BARC Webinar: Comparing the Four Most Popular Data Catalog Providers
On April 22nd 2020, BARC hosted a webinar showcasing the hottest data catalog providers: Collibra, Informatica, IBM and Synabi. Timm Grosser, Senior Analyst Data & Analytics at BARC, summarizes the content and outcomes from the webinar.
BARC created a kind of proof of concept to provide an even comparison of each vendor’s catalog solution. To make the presentations comparable for the audience, the webinar started with an introduction by BARC and the presentation of a task for the vendors.

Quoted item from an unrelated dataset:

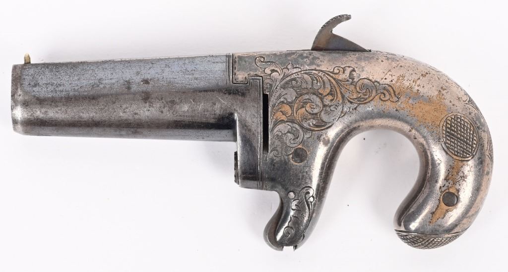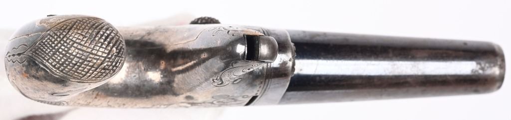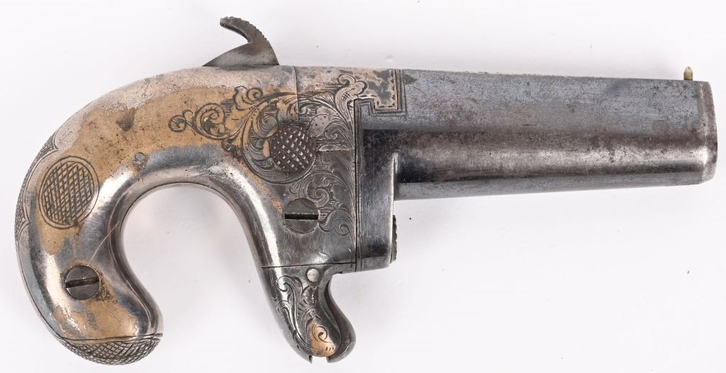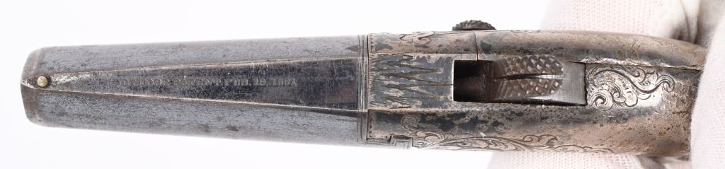 SERIAL NUMBER N/A BARREL 2 1/2 CALIBER 41 RIMFIRE MANUFACTURED 1860-65 . Iron frame with D. Moore address with 1861 Patent date on top flat of barrel Single shot spur trigger with scroll engraved frame Silver plated frame with blue finished barrel. CONDITION. Good with frame retaining 40% tarnished silver Barrel retains 60% thinning blue. Good bore and proper functioning action. ANTIQUE
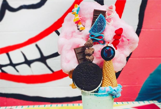 The best-selling Sideshow Shake starts with the ice cream flavor of your choice whipped up into a creamy milkshake. It’s topped with a waffle cone, ice cream cookie sandwich, fluffy swirls of cotton candy, a Ring Pop or rainbow lollipop, strips of sour candy, and finally, a chocolate-covered pretzel... whew!

The product demonstration was built to showcase and answer how each catalog solution can enable data consumers and producers to leverage data. Each of the 300 webinar participants took on the role of the core team, evaluating and scoring each of the catalog solutions after the proof of concept and question and answer session. The format and the content proved to be informative, beneficial and appreciated by attendees.

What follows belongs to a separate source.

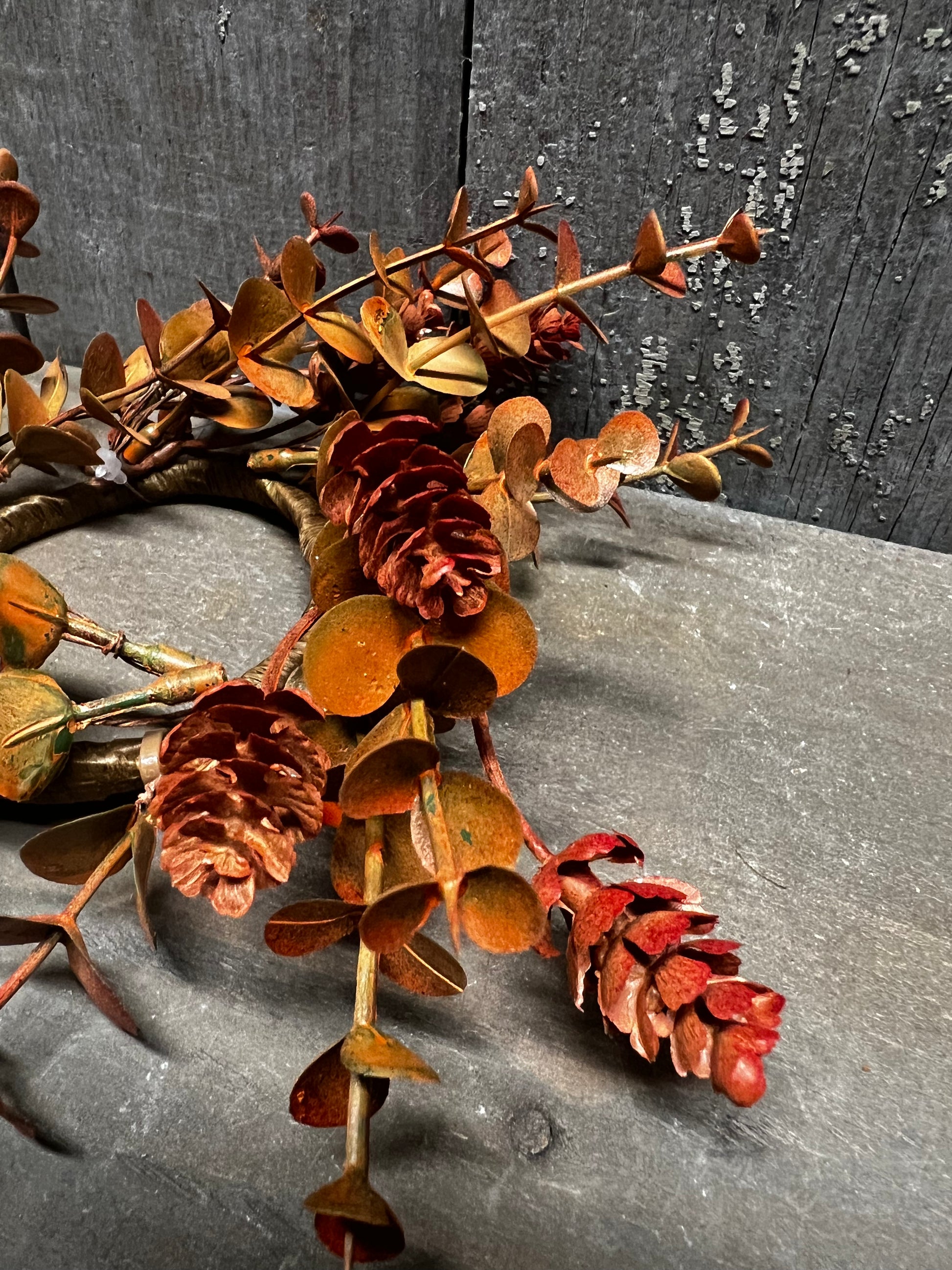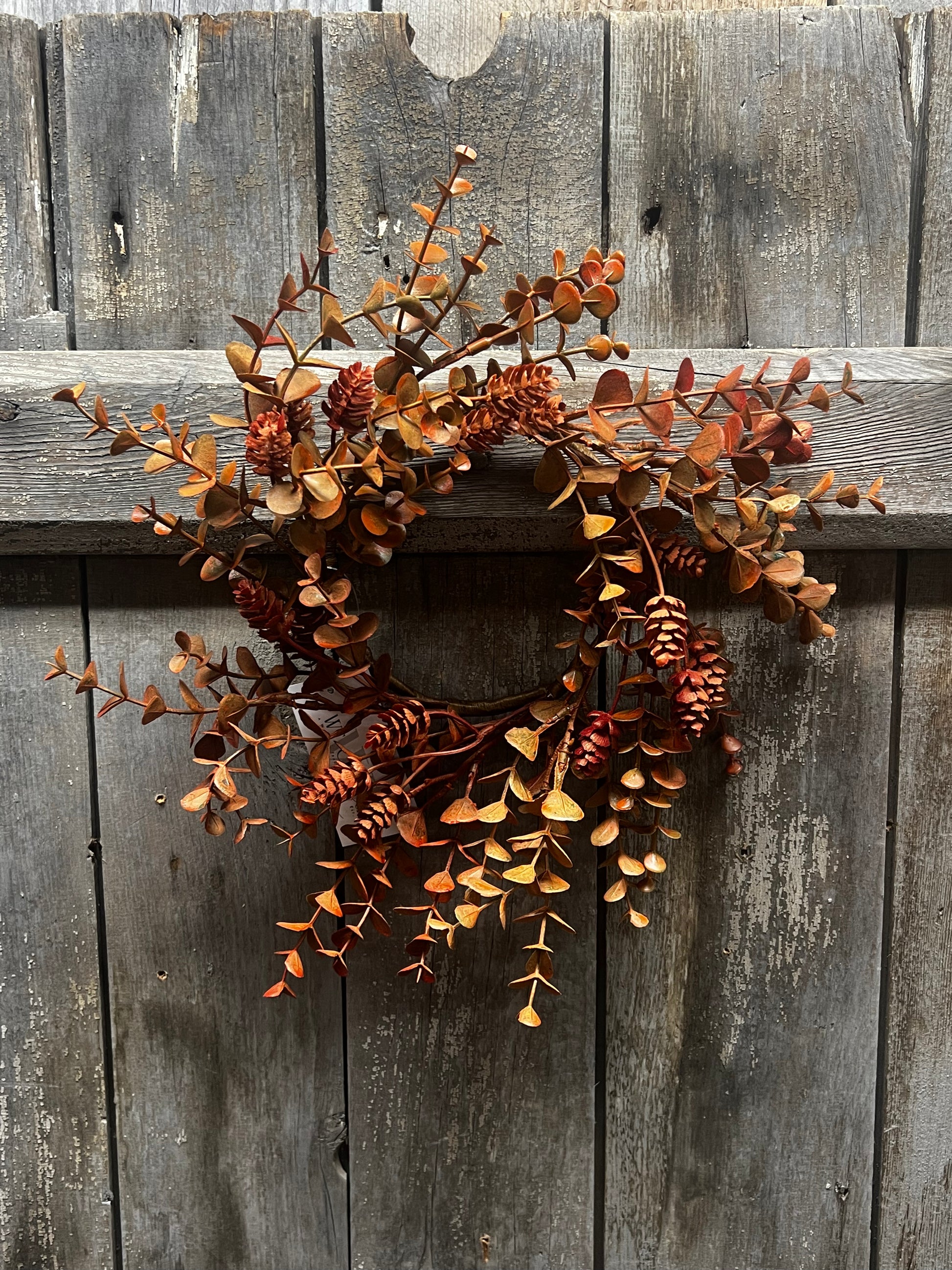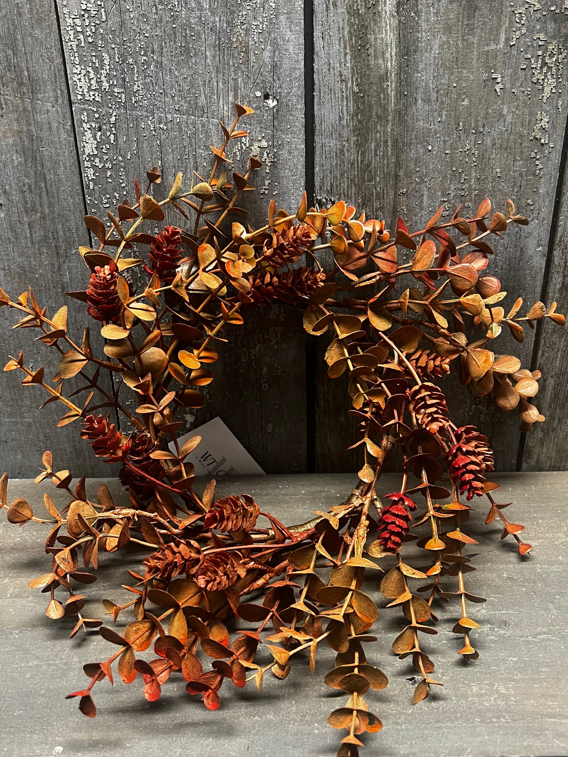 The lovely shades of Autumn shine in this mix of eucalyptus and hops. Inside ring measures 4.5", about 12" overall. Shown with our pillar candle. Sold separately.

BARC currently has 90 vendors listed as providers of data catalog solutions, split into three groups:
- Data catalog pure play providers
- Data catalog as a function in a specific application environment, for example advanced analytics, data preparation, visual analytics or business intelligence
- Data catalog as a tool, function or platform integration for data governance and/or management
Based on these three groups, we created a shortlist and selected what we consider to be the four hottest solutions for data cataloging in the DACH market. The shortlist was put together based on market demand and BARC’s own evaluation of each vendor solution. These are the vendors that we considered to have the four hottest data catalog solutions:
- Alation: data catalog pure play provider
- Collibra: data catalog as an additional application
- IBM Watson Knowledge Catalog: data catalog as an additional application
- Informatica Enterprise Data Catalog: data catalog as an additional application
Alation did not participate in the webinar as they are still in the process of expanding their German (speaking) team. This spot was taken by Synabi, a player in the local German market with a technical approach to data cataloging with a solution called D-QUANTUM.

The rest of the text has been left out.